La vue est imprenable depuis le ciel – on croirait y entendre de légers murmures, un chœur qui chante, un organiste invisible joue de l’harmonium, vous ressentez une inexplicable envie de pleu­rer. Grand-Papa – au risque de se briser en bondissant de ces hauteurs incal­cu­lables – saute dans l’embarcation qui connaît un grand moment d’indécision, le bate­lier de service étant tombé à l’eau.

– Tu es beau comme un 78 tours, mon Grand-Papa, dit Myrtille alors qu’elle fait ce qu'elle peut avec les avirons. 

La barque accoste où elle peut.
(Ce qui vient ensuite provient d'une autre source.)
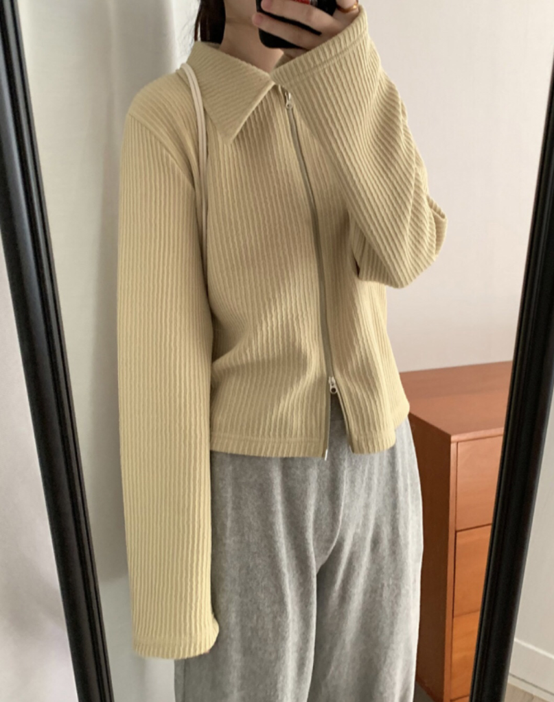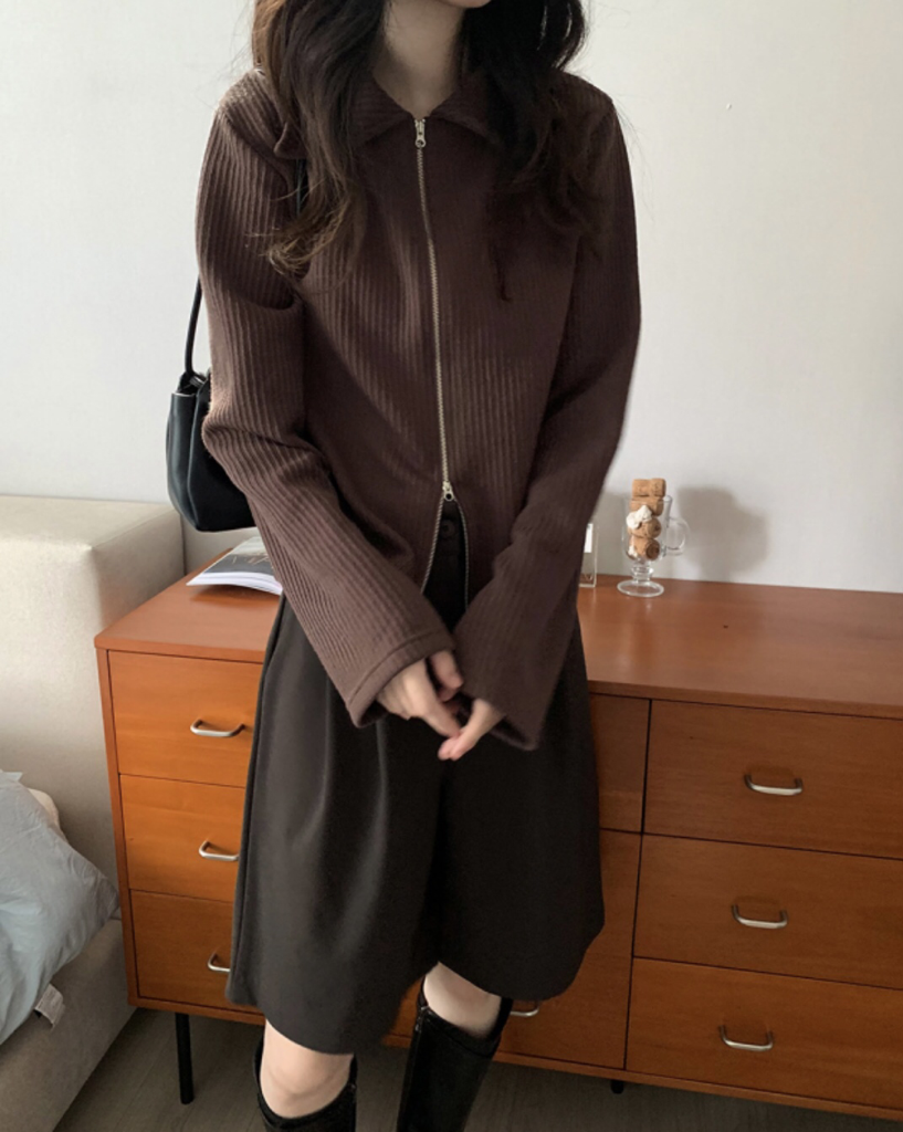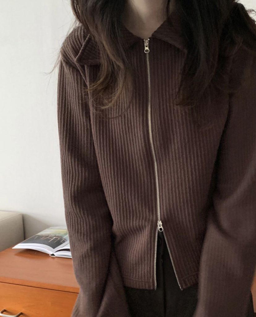 品名:투웨이 니트 카라 집업 /거래처 사진 ◎※☞颜色:브라운, 블루, 오트, 올리브 ◎※☞尺寸:FREE ◎※☞材质:聚酯 95%,스판 5% 翻译
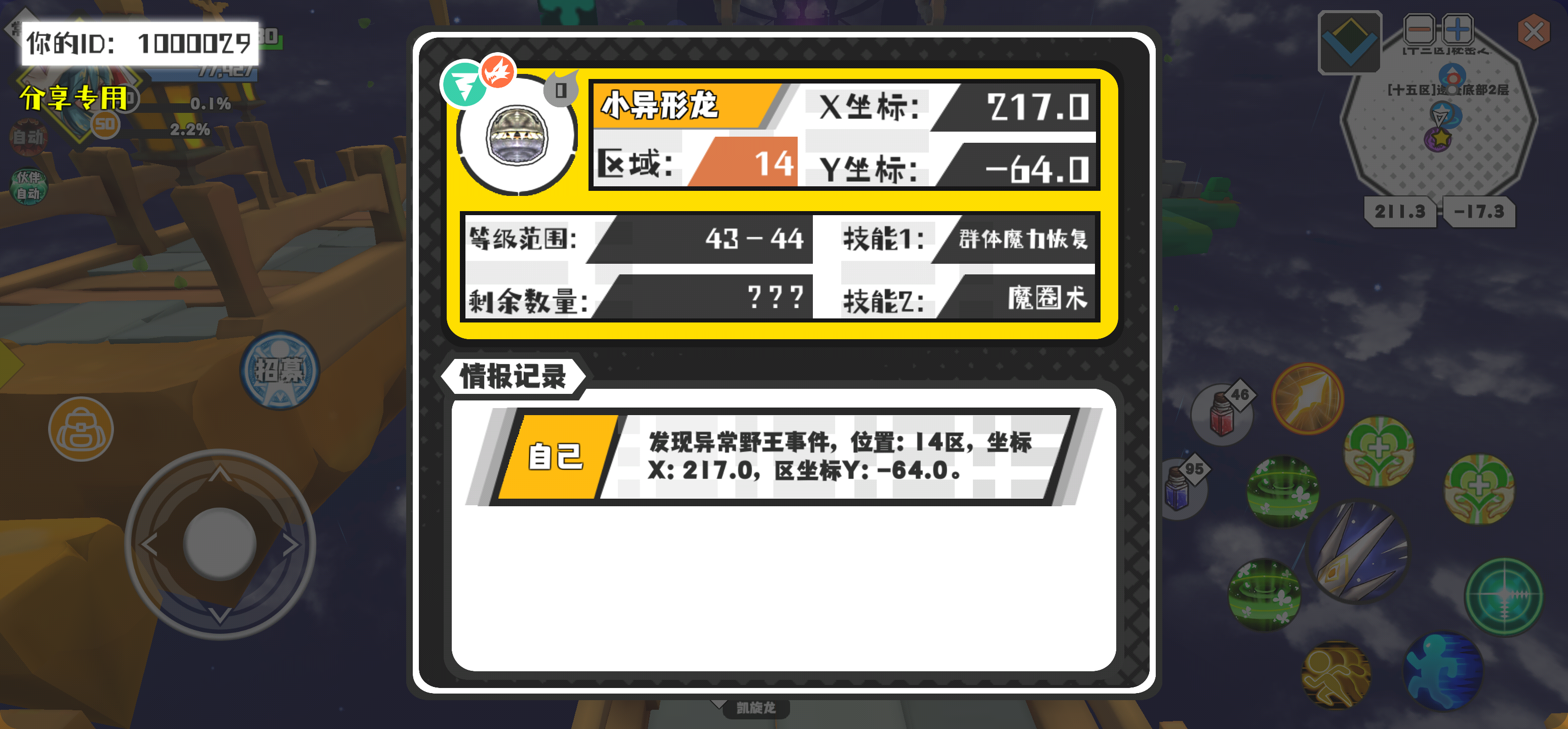 幸运时刻分享! 【野王异常出没】3月2日上午6点 - 小异形龙【强度0】 【14区】 【X:217.0, Y:-64.0】
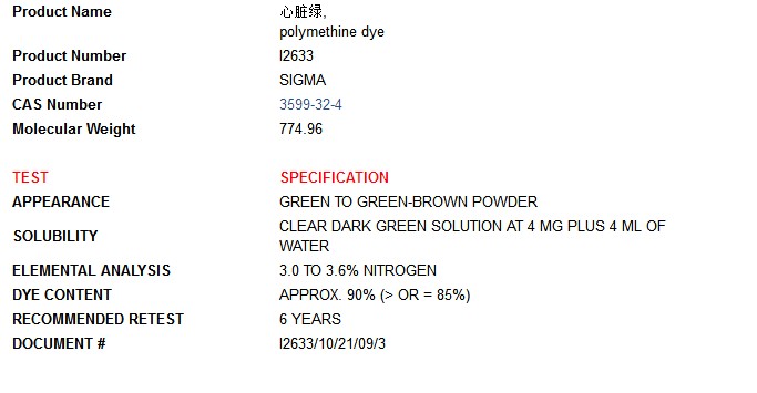 | 备注:别名: 吲哚菁绿 福氏绿 靛氰绿 常温保存 |
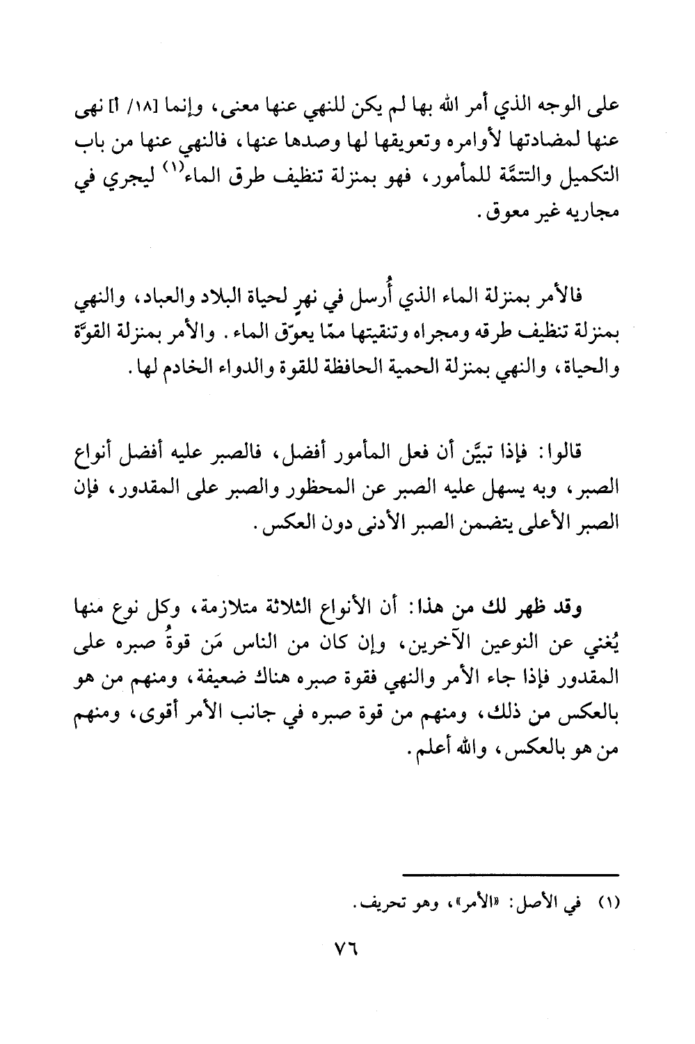 قالوا: فإذا تبين أن فعل المأمور أفضل، فالصبر عليه أفصل أنواع

Le vieil homme, très exalté, bondit à terre. Le soleil si délicat, inventant un peu partout sur terre des reflets qui lui res­semblent dans les eaux et les vitres de la cité, n’a pu que préméditer depuis l’origine du monde les in­termit­tences d’ombre de Myrtille et d’une om­brelle jaune au long de l’alignement d’ifs qui mène par la promenade au ly­cée.

Ils papotent un peu, Grand-Papa, l’ombrelle, l’ombre et Myrtille.

– Sans ton ombre tu serais invisible, mon esquisse, dit Grand-Papa.

– Est-ce une amie ?

– N’as-tu pas déjà une amie dans ton ombrelle, mon aurore ? dit l’ombrelle.

– Fais tout de même attention à tout, dit l'ombre. Tes coudes. Tes genoux Tes chevilles. Ne va rien égarer.

Myrtille et Grand-papa s'amenuisent à petits et grands pas au fond de la ville, discutant et faisant de longs gestes.

 

Sans titre

miniature sur papier bleuté avec san­guine

Bel encadrement soigné avec tissu

En parfait état

Non signée

 

 

[c'est la fin de notre conte de Noël]

[l’image est de Vorja Sanchez]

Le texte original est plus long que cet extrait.